I hope you enjoy. Please feel free to leave me comments.

Thanks

If someone's drinking, drugging or sobriety is bothering you or if you grew up with drinking or drugs in your home, please find an Al-anon meeting.
http://www.al-anon.alateen.org/

Tuesday, May 25, 2010

The Blessing

This is a story, that the late Pat C. who had over 40 yrs in Al-Anon, used to tell. There are also books you can read about this very same thing.

It's called "The Blessing."

At birth every child should receive this blessing.

To be:
Named
Accepted
Revered
Respected
Cherished
To be Loved

Sometimes this doesn't happen. Not because the parents wouldn't, although that certainly can be the case, but because they couldn't. You see, they had not received it themselves. You cannot transmit what you don't have.

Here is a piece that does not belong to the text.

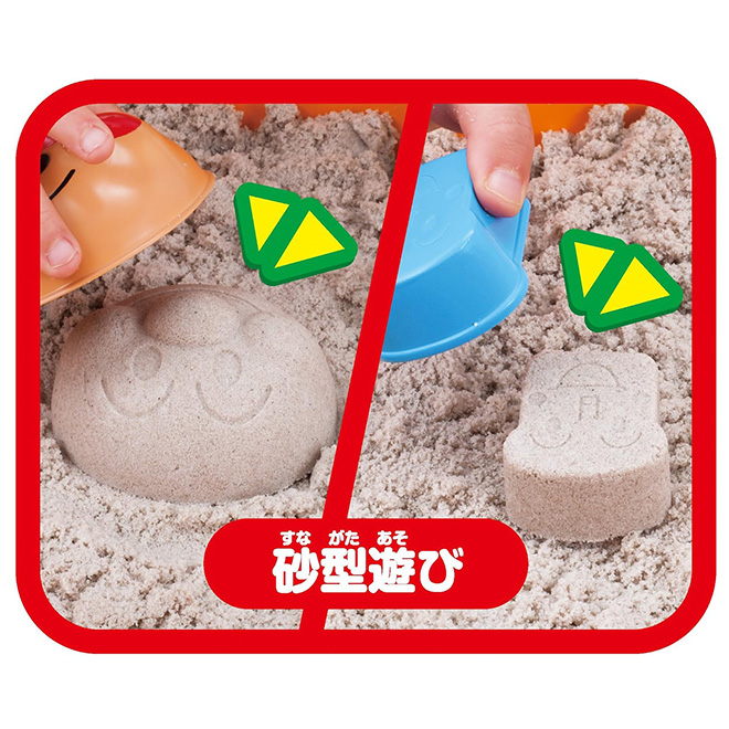 ●お子様の大好きなアンパンマン・ばいきんまん・ドキンちゃんの半立体の砂型が付いています。カレーパンマン・しょくぱんまん・あかちゃんまん・コキンちゃん・メロンパンナちゃん・クリームパンダのシルエットに顔が表現される砂型もついています。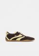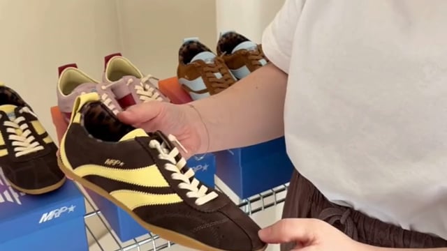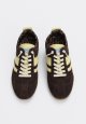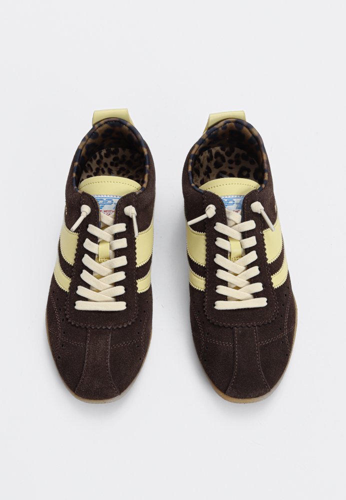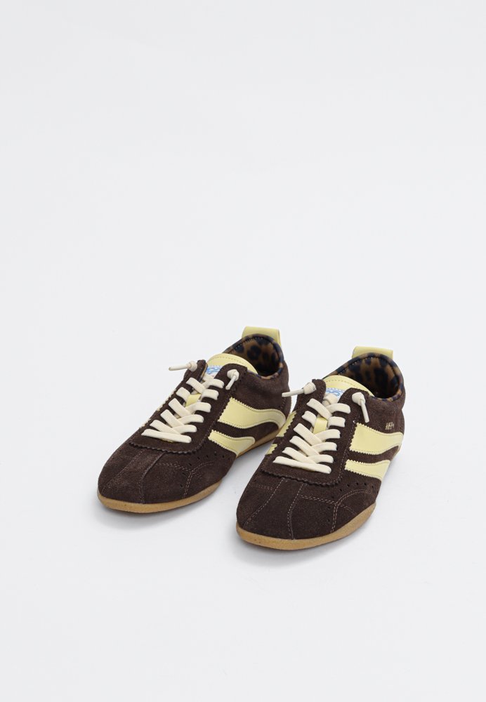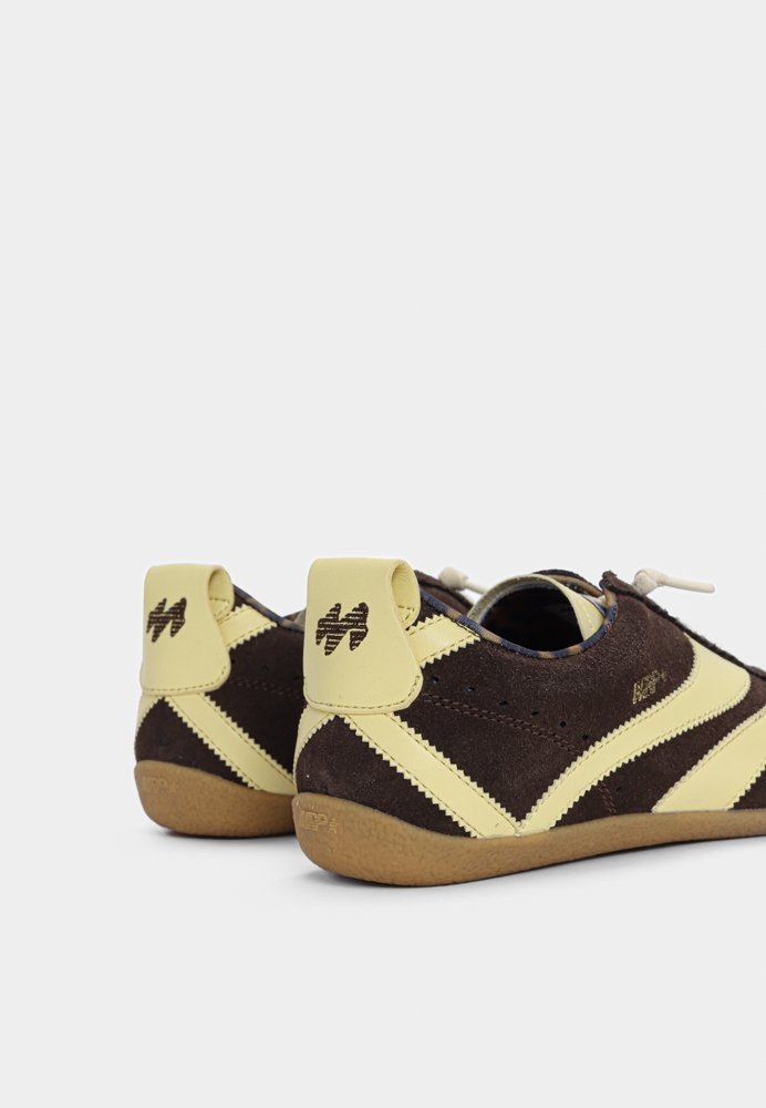 Runaway V9 sneaker fra Maripé er en eksklusiv italiensk sneaker, hvor moderne design møder klassisk håndværk. Modellen er fremstillet i en luksuriøs kombination af ruskind og læder, som giver skoen et raffineret og dynamisk udtryk. De varme brune nuancer kombineret med gule detaljer skaber et stilfuldt og karakterfuldt look.

This is often the case with families affected by the disease of alcoholism or drug addiction. The parents are unable to give the blessing because, as I mentioned above, they either weren't given it themselves or they couldn't give it because the disease was alive and well in their homes. This is not to say that everyone who is born into the disease never gets the blessing. Some do.. Some still get this gift from one or both of their parents. I have a best friend from high school who grew up in the disease. Her father was a severe alcoholic, but she did get the blessing from her mother. I have to tell you, there were many days when I was a teenager that I wished her mother was mine.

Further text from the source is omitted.